- Opening Delimiter -

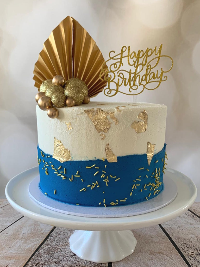 Three layers of delicious moist sponge in various flavours, filled and coated with velvety whipped buttercream, decorated with gold palm fan, gold bubbles, and gold glitter cake topper.
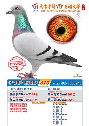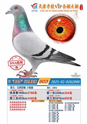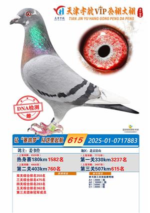 天津宇航VIP大棚2025年决赛获奖鸽照片
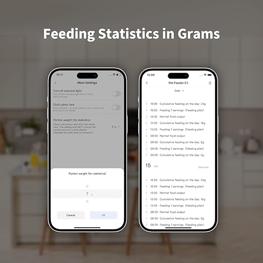 [Birden fazla kontrol yöntemi] Sahneyi Aqara Home uygulamasında ayarladıktan sonra, evden yüzlerce kilometre uzakta olsanız bile yem otomatınızı C1 kontrol edebilir veya Siri, Alexa veya Google Assistant ile sesli komutla kontrol edebilirsiniz. (*Lütfen dikkat: Bu cihaz HomeKit veya Alexa ile uyumlu değildir. Ancak Aqara Home sahneleri sayesinde dil ile kontrol edilebilir). Yem otomatı C1 besleme planlarını ve zaman planlarını destekler.

- Closing Delimiter -

• _Directions for this task_:
Find the line holding "天津宇航VIP大棚2025年决赛获奖鸽照片" in the data above. Retype it and every later line exactly, through the end, but not the pictures.

• _Output of the task_:
 天津宇航VIP大棚2025年决赛获奖鸽照片
 [Birden fazla kontrol yöntemi] Sahneyi Aqara Home uygulamasında ayarladıktan sonra, evden yüzlerce kilometre uzakta olsanız bile yem otomatınızı C1 kontrol edebilir veya Siri, Alexa veya Google Assistant ile sesli komutla kontrol edebilirsiniz. (*Lütfen dikkat: Bu cihaz HomeKit veya Alexa ile uyumlu değildir. Ancak Aqara Home sahneleri sayesinde dil ile kontrol edilebilir). Yem otomatı C1 besleme planlarını ve zaman planlarını destekler.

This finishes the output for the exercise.